- [RECORDS SUPPLIED]:
_ _ _ _ _ _ _

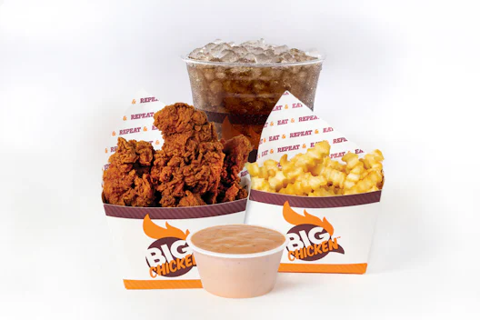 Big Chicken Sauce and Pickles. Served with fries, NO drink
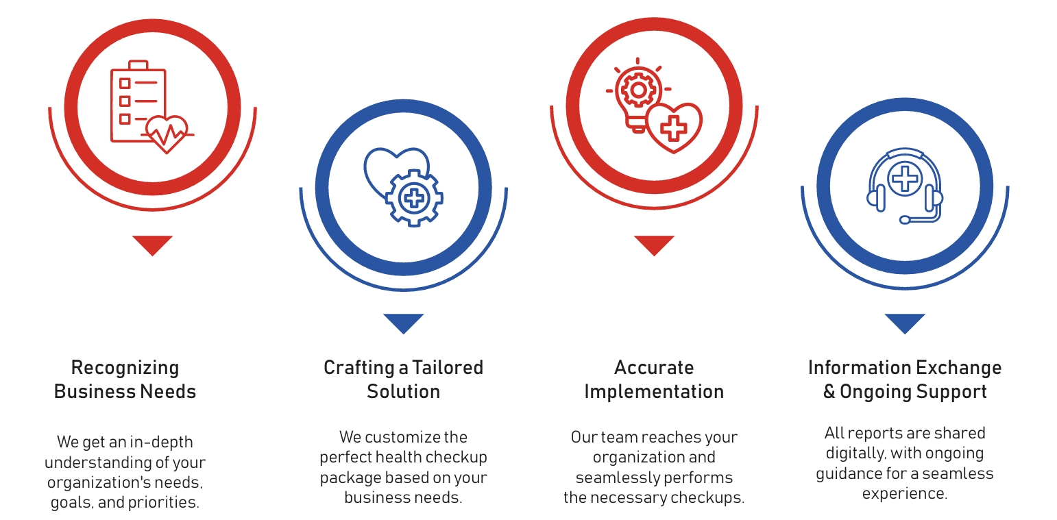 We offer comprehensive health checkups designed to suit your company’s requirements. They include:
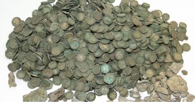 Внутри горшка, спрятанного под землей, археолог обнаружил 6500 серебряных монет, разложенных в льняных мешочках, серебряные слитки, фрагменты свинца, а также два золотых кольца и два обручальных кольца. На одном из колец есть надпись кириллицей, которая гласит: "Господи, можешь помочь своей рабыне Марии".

_ _ _ _ _ _ _

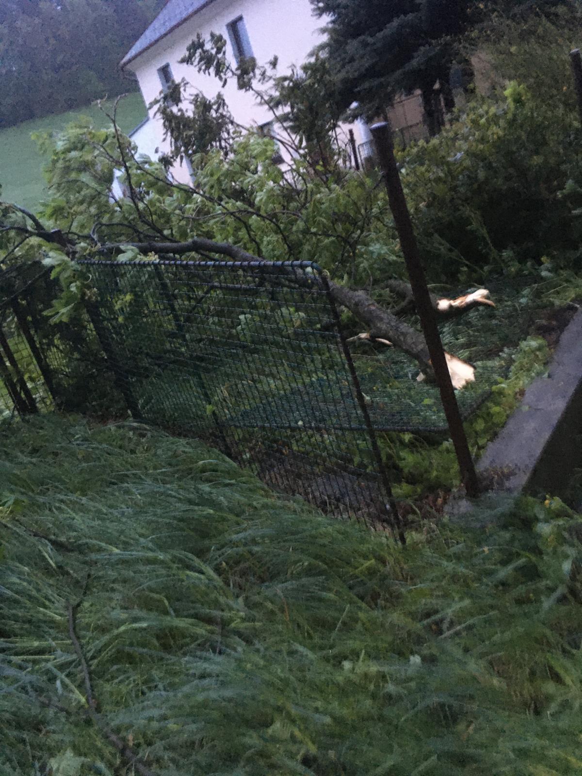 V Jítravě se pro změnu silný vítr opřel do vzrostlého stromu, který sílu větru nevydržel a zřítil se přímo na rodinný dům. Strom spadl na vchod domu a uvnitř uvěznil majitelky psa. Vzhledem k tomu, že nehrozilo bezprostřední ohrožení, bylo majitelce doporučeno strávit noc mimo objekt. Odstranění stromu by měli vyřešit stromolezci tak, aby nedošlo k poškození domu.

_ _ _ _ _ _ _

- [WORK TO COMPLETE]: Using the records above, print exactly the lines between the ones containing "Big Chicken Sauce" and "Внутри горшка, спрятанного", inclusive, and nothing else; no pictures.

- [PROBLEM SOLUTION]:
 Big Chicken Sauce and Pickles. Served with fries, NO drink
 We offer comprehensive health checkups designed to suit your company’s requirements. They include:
 Внутри горшка, спрятанного под землей, археолог обнаружил 6500 серебряных монет, разложенных в льняных мешочках, серебряные слитки, фрагменты свинца, а также два золотых кольца и два обручальных кольца. На одном из колец есть надпись кириллицей, которая гласит: "Господи, можешь помочь своей рабыне Марии".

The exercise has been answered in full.